▶ Instructions to follow:
Output only the lines of the entries that follow, starting at the one with "W benchmarku AnTuTu" and running down to the one with "据悉,全国老员工与研究生物理", both included and unchanged.

▶ Records for this task:
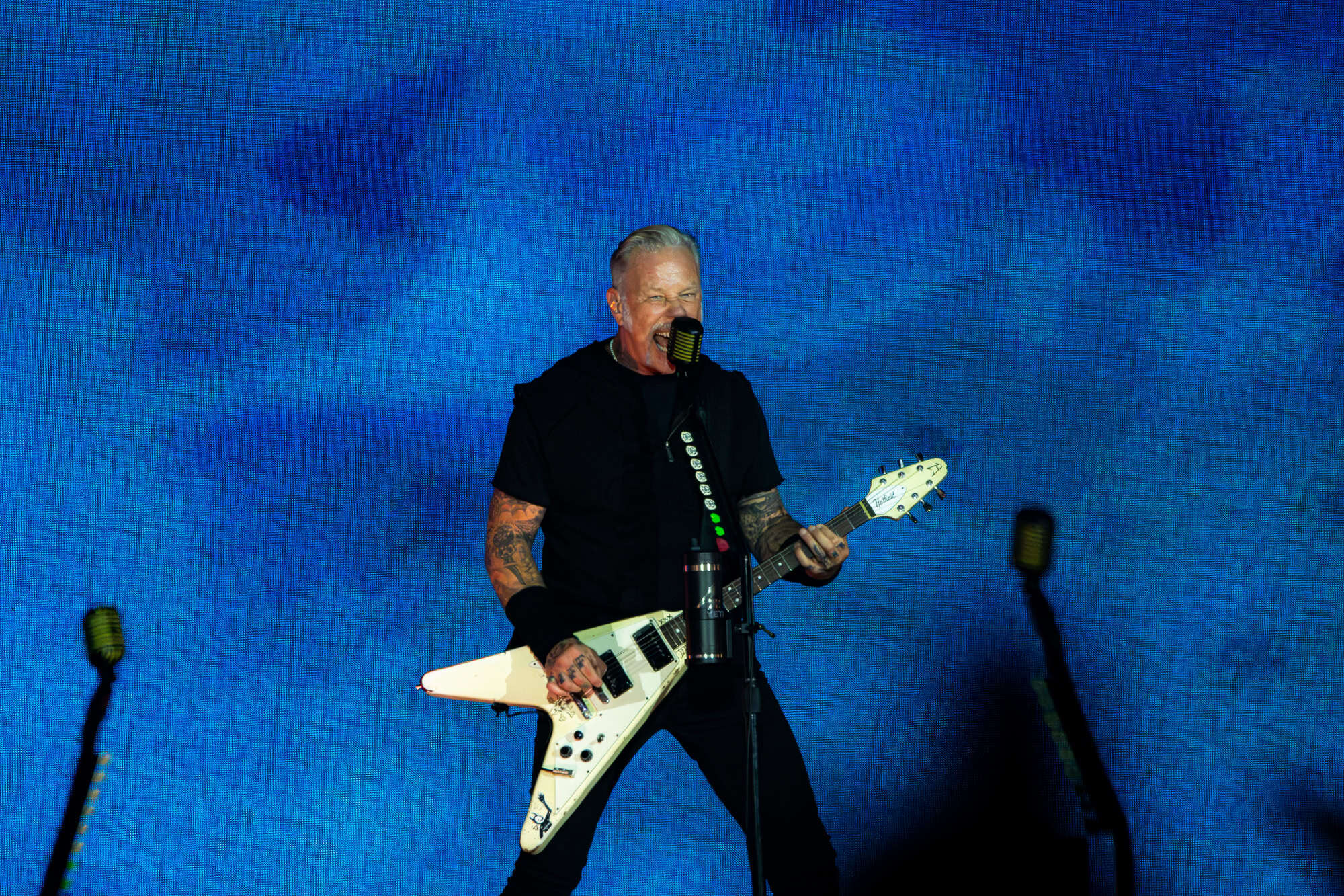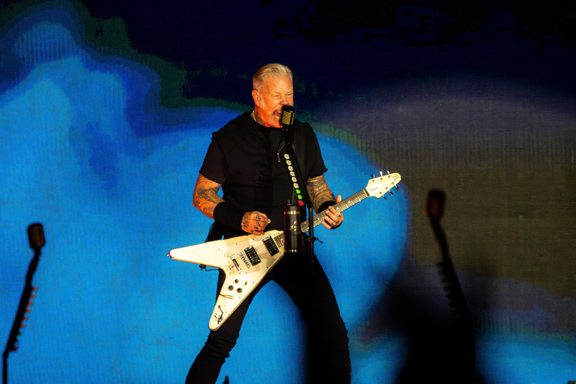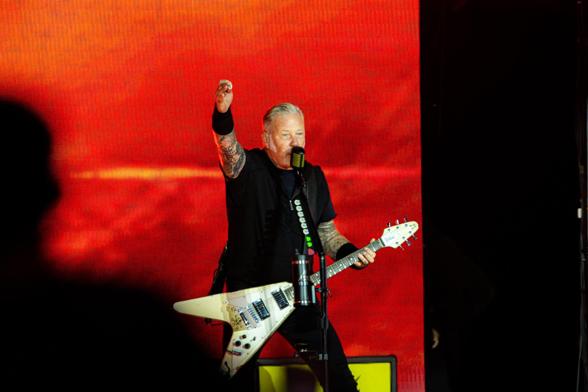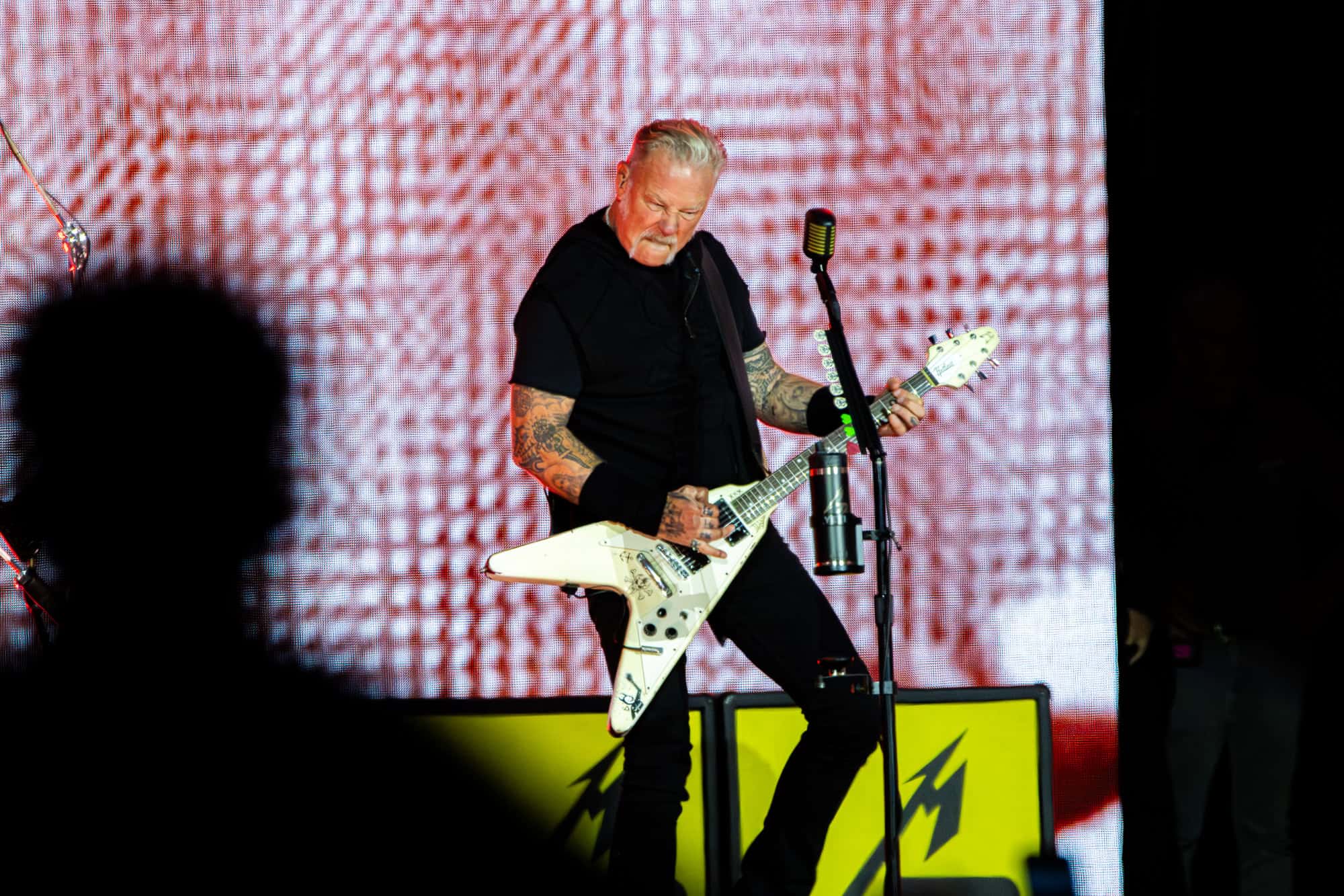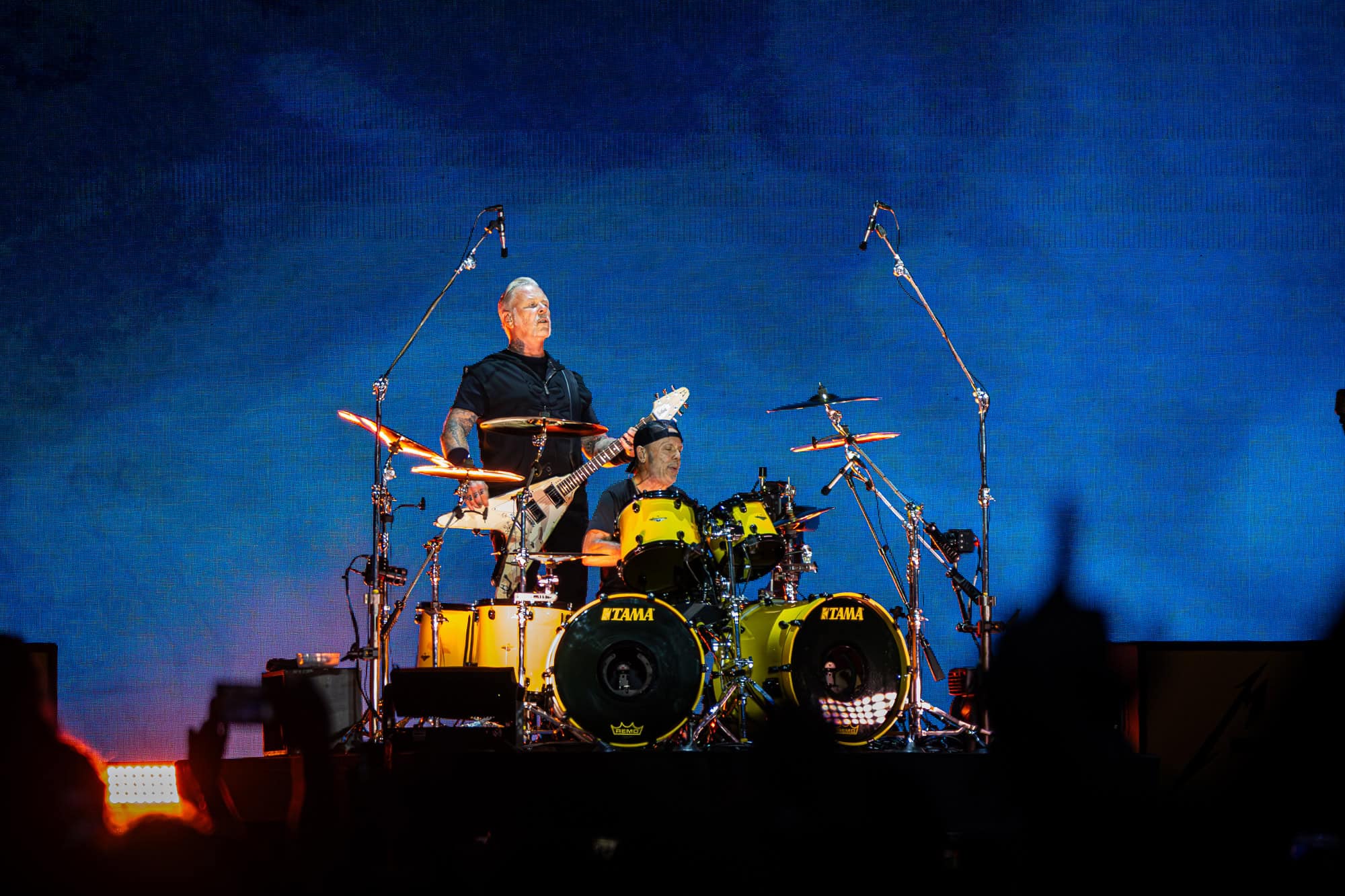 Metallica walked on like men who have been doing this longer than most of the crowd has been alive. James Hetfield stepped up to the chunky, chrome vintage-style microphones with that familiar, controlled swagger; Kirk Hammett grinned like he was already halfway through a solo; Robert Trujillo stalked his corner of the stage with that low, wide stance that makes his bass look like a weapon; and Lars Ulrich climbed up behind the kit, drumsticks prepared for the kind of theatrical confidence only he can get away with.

==

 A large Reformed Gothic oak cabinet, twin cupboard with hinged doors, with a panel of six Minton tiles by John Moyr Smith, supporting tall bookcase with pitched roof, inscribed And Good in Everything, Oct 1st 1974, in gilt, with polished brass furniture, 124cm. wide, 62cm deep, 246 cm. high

---

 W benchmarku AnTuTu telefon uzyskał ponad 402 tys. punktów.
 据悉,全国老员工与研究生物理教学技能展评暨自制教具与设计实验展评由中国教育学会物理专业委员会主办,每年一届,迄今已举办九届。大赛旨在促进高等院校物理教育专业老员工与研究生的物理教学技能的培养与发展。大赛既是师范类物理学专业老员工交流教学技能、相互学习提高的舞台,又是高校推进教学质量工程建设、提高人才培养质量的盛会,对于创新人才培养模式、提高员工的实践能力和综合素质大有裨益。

▶ Response box:
 W benchmarku AnTuTu telefon uzyskał ponad 402 tys. punktów.
 据悉,全国老员工与研究生物理教学技能展评暨自制教具与设计实验展评由中国教育学会物理专业委员会主办,每年一届,迄今已举办九届。大赛旨在促进高等院校物理教育专业老员工与研究生的物理教学技能的培养与发展。大赛既是师范类物理学专业老员工交流教学技能、相互学习提高的舞台,又是高校推进教学质量工程建设、提高人才培养质量的盛会,对于创新人才培养模式、提高员工的实践能力和综合素质大有裨益。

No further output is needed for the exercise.